Il s'agit d'un réseau multidisciplinaire qui réunit les meilleurs chercheurs, les meilleures industries et les meilleurs producteurs du Canada dans le but d'aider à mettre au point de nouvelles chaînes de production industrielles à base de fibres naturelles en améliorant les variétés, les techniques et les processus et en fabriquant de meilleurs produits à base de fibres naturelles. De plus, en novembre dernier, la province du Manitoba et Agriculture et Agroalimentaire Canada ont présenté une nouvelle stratégie nationale pour le développement de l'industrie du chanvre au Canada. Bon nombre d'observateurs de l'industrie disent que la mise sur pied d'une stratégie nationale confère une crédibilité instantanée à l'industrie. Avec toute cette activité dans l'industrie du chanvre, il n'est pas étonnant que les Canadiens œuvrant dans cette industrie soient très optimistes quant à la possibilité que le chanvre continue sa progression dans les principaux marchés.

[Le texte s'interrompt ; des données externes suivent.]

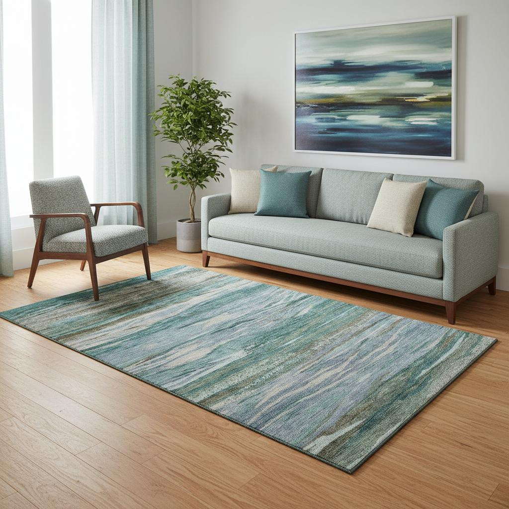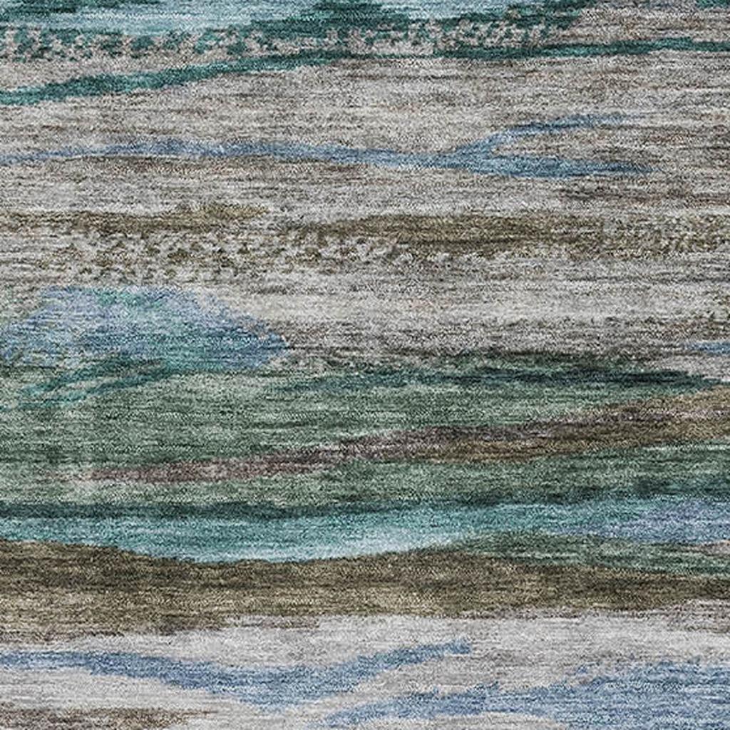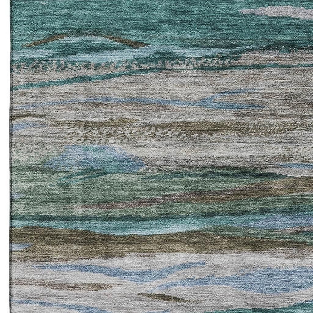 This 5-foot x 8-foot teal khaki and green abstract washable area rug with uv protection, is a great way to add warmth to a room. Ideal for spaces with kids and pets, this rug is stain resistant to help repel dirt and spilled liquids. Built to last, this rug crafted from polyester fibers is known for its durability and long lasting appeal. Rugs are a great way to showcase your style, hide imperfections, warm your home and reduce noise. This larger sized, transitional styled rug is ready to create a focal point or statement piece in your room. 60.00-inch h x 90.00-inch w x 0.39-inch d.

Depuis la légalisation du chanvre il y a dix ans, un énorme travail a été effectué dans le but de promouvoir et de développer l'industrie du chanvre au Canada. Je profite de l'occasion pour remercier tous les gens qui ont consacré beaucoup de temps et d'efforts pour en faire la promotion. J'encourage les sénateurs à appuyer les initiatives qui permettront de développer davantage la production du chanvre dans leurs régions respectives. Après 10 ans, le Canada est devenu un joueur important au niveau de la génétique de la production du chanvre et il continue d'exporter cette connaissance, à notre avantage face à la concurrence.

En terminant, il est clair que la réussite au niveau de la production industrielle du chanvre peut servir de modèle afin d'aider les Canadiens à trouver des débouchés économiques tout en cherchant des solutions pour assurer la durabilité de l'environnement.